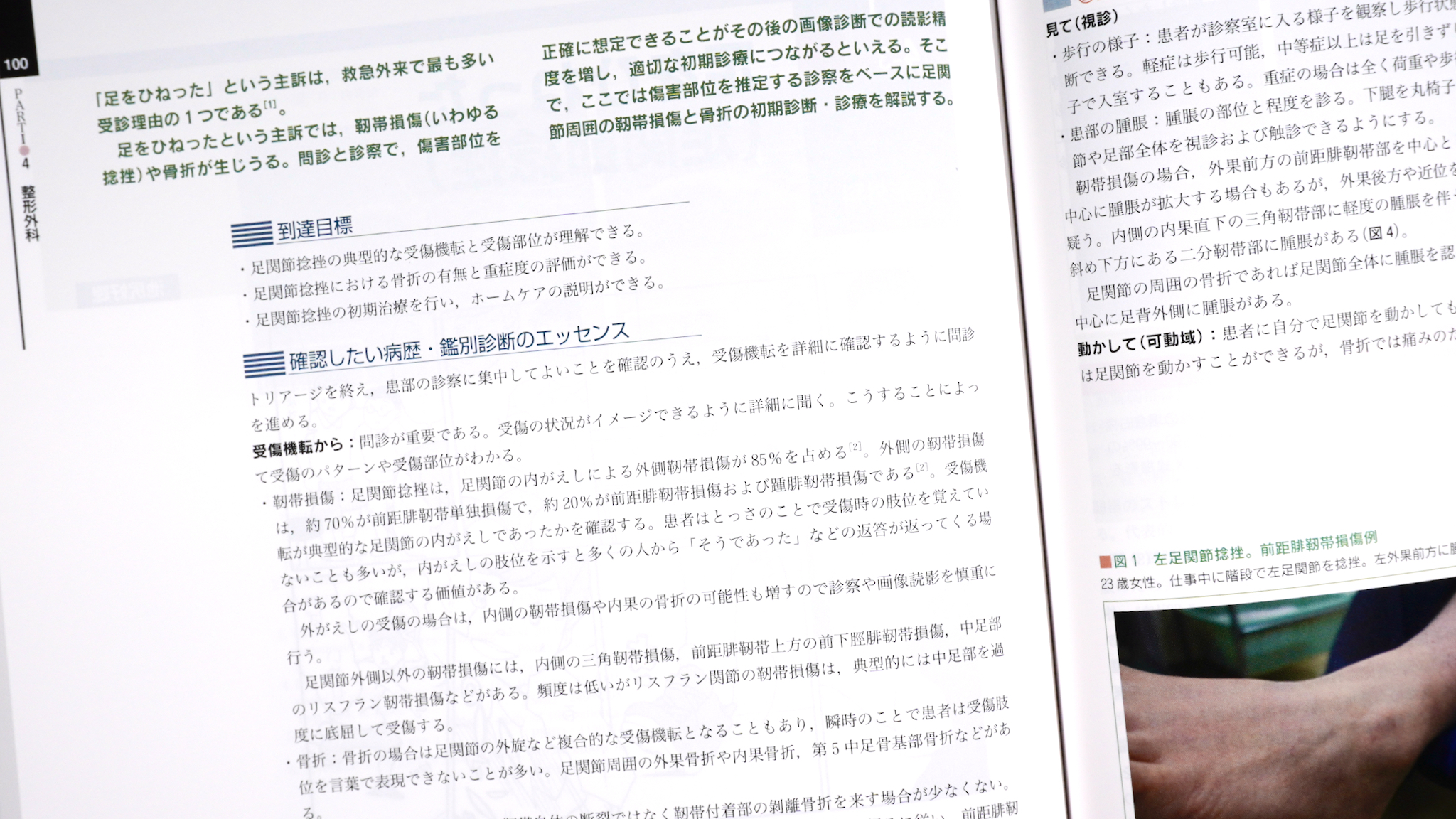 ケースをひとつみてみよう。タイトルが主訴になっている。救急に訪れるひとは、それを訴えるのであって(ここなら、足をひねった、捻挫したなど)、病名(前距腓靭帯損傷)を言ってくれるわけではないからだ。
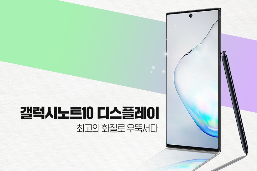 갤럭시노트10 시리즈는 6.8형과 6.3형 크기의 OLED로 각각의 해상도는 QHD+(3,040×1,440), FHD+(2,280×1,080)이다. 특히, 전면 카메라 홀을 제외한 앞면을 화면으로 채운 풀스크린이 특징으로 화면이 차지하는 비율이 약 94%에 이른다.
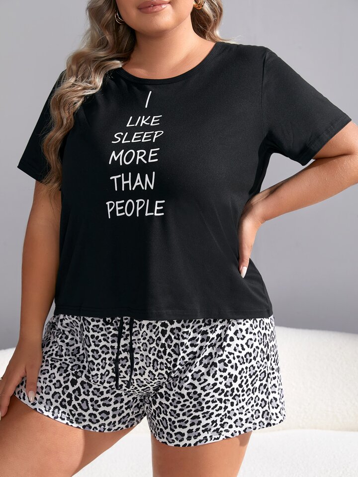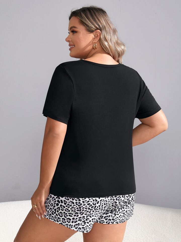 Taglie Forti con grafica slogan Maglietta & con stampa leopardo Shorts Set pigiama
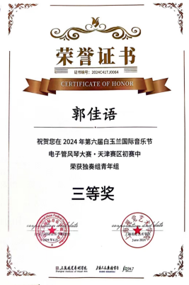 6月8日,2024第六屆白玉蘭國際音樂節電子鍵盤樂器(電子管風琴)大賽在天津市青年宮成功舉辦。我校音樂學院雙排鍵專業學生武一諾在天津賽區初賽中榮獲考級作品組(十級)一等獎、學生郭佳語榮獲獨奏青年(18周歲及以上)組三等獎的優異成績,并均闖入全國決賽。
===============
[Goal of the exercise] The required output is every line of the data above, set down exactly and stripped of pictures.

[Exercise response]
 ケースをひとつみてみよう。タイトルが主訴になっている。救急に訪れるひとは、それを訴えるのであって(ここなら、足をひねった、捻挫したなど)、病名(前距腓靭帯損傷)を言ってくれるわけではないからだ。
 갤럭시노트10 시리즈는 6.8형과 6.3형 크기의 OLED로 각각의 해상도는 QHD+(3,040×1,440), FHD+(2,280×1,080)이다. 특히, 전면 카메라 홀을 제외한 앞면을 화면으로 채운 풀스크린이 특징으로 화면이 차지하는 비율이 약 94%에 이른다.
 Taglie Forti con grafica slogan Maglietta & con stampa leopardo Shorts Set pigiama
 6月8日,2024第六屆白玉蘭國際音樂節電子鍵盤樂器(電子管風琴)大賽在天津市青年宮成功舉辦。我校音樂學院雙排鍵專業學生武一諾在天津賽區初賽中榮獲考級作品組(十級)一等獎、學生郭佳語榮獲獨奏青年(18周歲及以上)組三等獎的優異成績,并均闖入全國決賽。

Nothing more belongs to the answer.